We are very pleased to announce that our group got 4 demo/poster papers accepted for presentation at ISWC 2018 : The 17th International Semantic Web Conference, which will be held on October 8 – 12, 2018 in Monterey, California, USA.
The International Semantic Web Conference (ISWC) is the premier international forum where Semantic Web / Linked Data researchers, practitioners, and industry specialists come together to discuss, advance, and shape the future of semantic technologies on the web, within enterprises and in the context of the public institution.
Here is the list of the accepted papers with their abstract:
- “STATisfy Me: What are my Stats?” by Gezim Sejdiu, Ivan Ermilov, Mohamed Nadjib Mami and Jens Lehmann
Abstract: The increasing adoption of the Linked Data format, RDF, over the last two decades has brought new opportunities.
It has also raised new challenges though, especially when it comes to managing and processing large amounts of RDF data. In particular, assessing the internal structure of a data set is important, since it enables users to understand the data better. One prominent way of assessment is computing statistics about the instances and schema of a data set. However, computing statistics of large RDF data is computationally expensive.
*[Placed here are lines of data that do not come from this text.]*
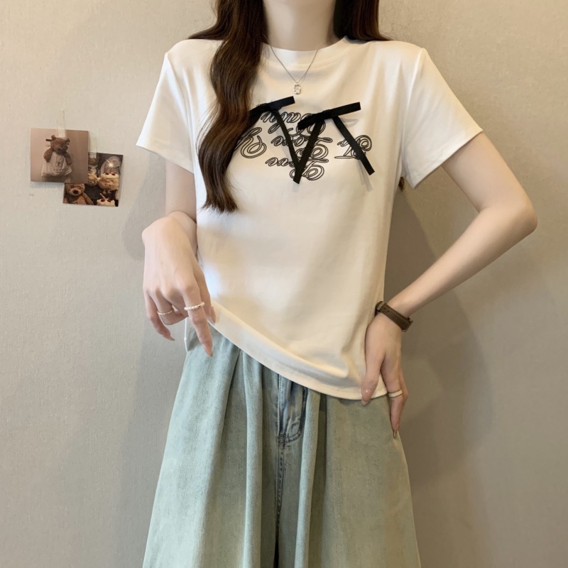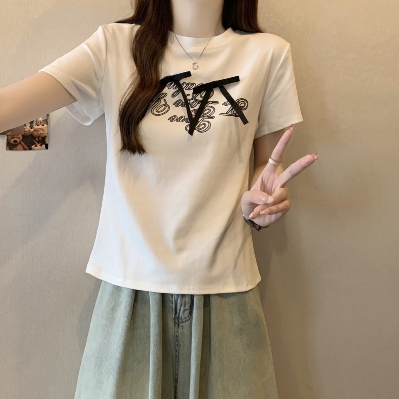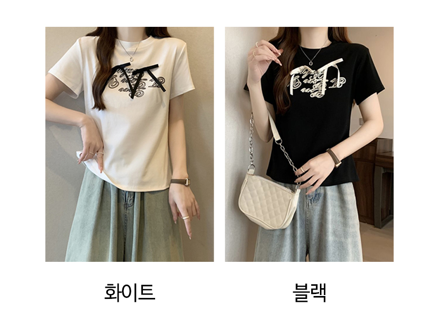 177073 리본 레터링 반소매 티셔츠 12790
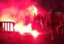Los aficionados mallorquinistas celebraron en Palma el ascenso a Segunda del Mallorca
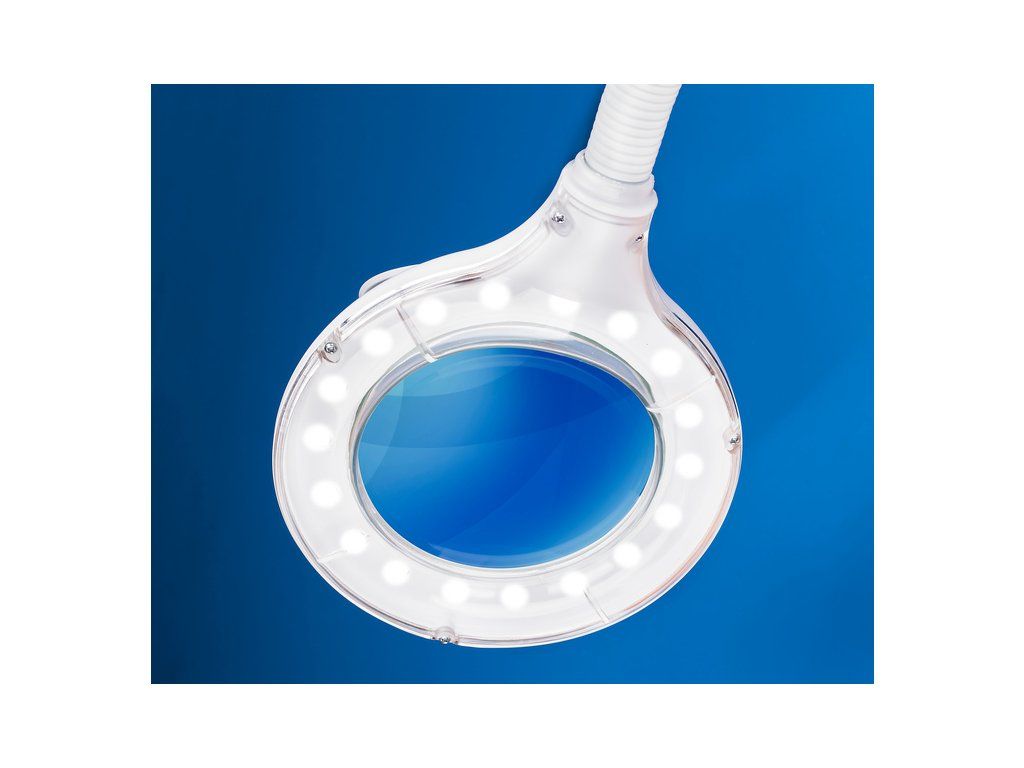 Lightcraft pracovní ohebná LED lampa, s lupou, osvětlením, polohovatelným ramenem stojanu a stabilním podstavcem je určena pro detailní práci. 30 bílých LED diod (2 W), kvalitní skleněná čočka o průměru 100 mm, zvětšení 3 dioptrie 1,75x. Ideální pro čtení, řemeslo a profi i hobby použití. Napájení ze sítě 220 - 240 V.

To overcome this challenging situation, we previously built DistLODStats, a framework for parallel calculation of 32 statistical criteria over large RDF datasets, based on Apache Spark. Running DistLODStats is, thus, done via submitting jobs to a Spark cluster. Often times, this process is done manually, either by connecting to the cluster machine or via a dedicated resource manager. This approach is inconvenient as it requires acquiring new software skills as well as the direct interaction of users with the cluster.
In order to make the use of DistLODStats easier, we propose in this paper an approach for triggering RDF statistics calculation remotely simply using HTTP requests. DistLODStats is built as a plugin into the larger SANSA Framework and makes use of Apache Livy, a novel lightweight solution for interacting with Spark cluster via a REST Interface.
- “Joint Entity and Relation Linking using EARL” by Debayan Banerjee, Mohnish Dubey, Debanjan Chaudhuri and Jens Lehmann
Abstract: In order to answer natural language questions over knowledge graphs,most processing pipelines involve entity and relation linking. Traditionally, entity linking and relation linking have been performed either as dependent sequential tasks or independent parallel tasks. In this demo paper, we present EARL, which performs entity linking and relation linking as a joint single task. The system determines the best semantic connection between all keywords of the question by referring to the knowledge graph. This is achieved by exploiting the connection density between entity candidates and relation candidates. EARL uses bloom filters for faster retrieval of connection density and uses an extended label vocabulary for higher recall to improve the overall accuracy
- “Generating SPARQL Query Containment Benchmarks using the SQCFramework” by Muhammad Saleem , Qaiser Mehmood, Claus Stadler, Jens Lehmann and Axel-Cyrille Ngonga Ngomo
Abstract: In this demo paper, we present the interface of the SQCFramework, a SPARQL query containment benchmark generation framework. SQCFramework is able to generate customized SPARQL containment benchmarks from real SPARQL query logs. To this end, the framework makes use of different clustering techniques. It is flexible enough to generate benchmarks of varying sizes and complexities according to user-defined criteria on important SPARQL features for query containment benchmarking. We evaluate the usability of the interface by using the standard system usability scale questionnaire. Our overall usability score of 82.33 suggests that the online interface is consistent, easy to use, and the various functions of the system are well integrated.
- “Synthesizing a Knowledge Graph of Data Scientist Job Offers with MINTE+” by Mikhail Galkin, Diego Collarana, Mayesha Tasnim and Maria-Esther Vidal
Abstract: Data Scientist is one of the most sought-after jobs of this decade. In order to analyze the job market in this domain, interested institutions have to integrate numerous job advertising coming from heterogeneous Web sources e.g., job portals, company websites, professional community platforms such as StackOverflow, GitHub, etc. In this demo, we show the application of the RDF Molecule-Based Integration Framework MINTE+ in the domain-specific application of job market analysis. The use of RDF molecules for knowledge representation is a core element of the framework gives MINTE+ enough flexibility to integrate job advertising from different web resources and countries. Attendees will observe how exploration and analysis of the data science job market in Europe can be facilitated by synthesizing at query time a consolidated knowledge graph of job advertising. The demo is available at: https://github.com/RDF-Molecules/MINTE/blob/master/README.md#live-demo
This work has received funding from the EU Horizon 2020 projects BigDataEurope (GA 644564) and QROWD (GA no. 723088), the Marie Skłodowska-Curie action WDAqua(GA No 642795), and HOBBIT (GA. 688227), and (project SlideWiki, grant no. 688095), and the German Ministry of Education and Research (BMBF) in the context of the projects LiDaKrA (Linked-Data-basierte Kriminalanalyse, grant no. 13N13627) and InDaSpacePlus (grant no. 01IS17031).
Looking forward to seeing you at The ISWC 2018.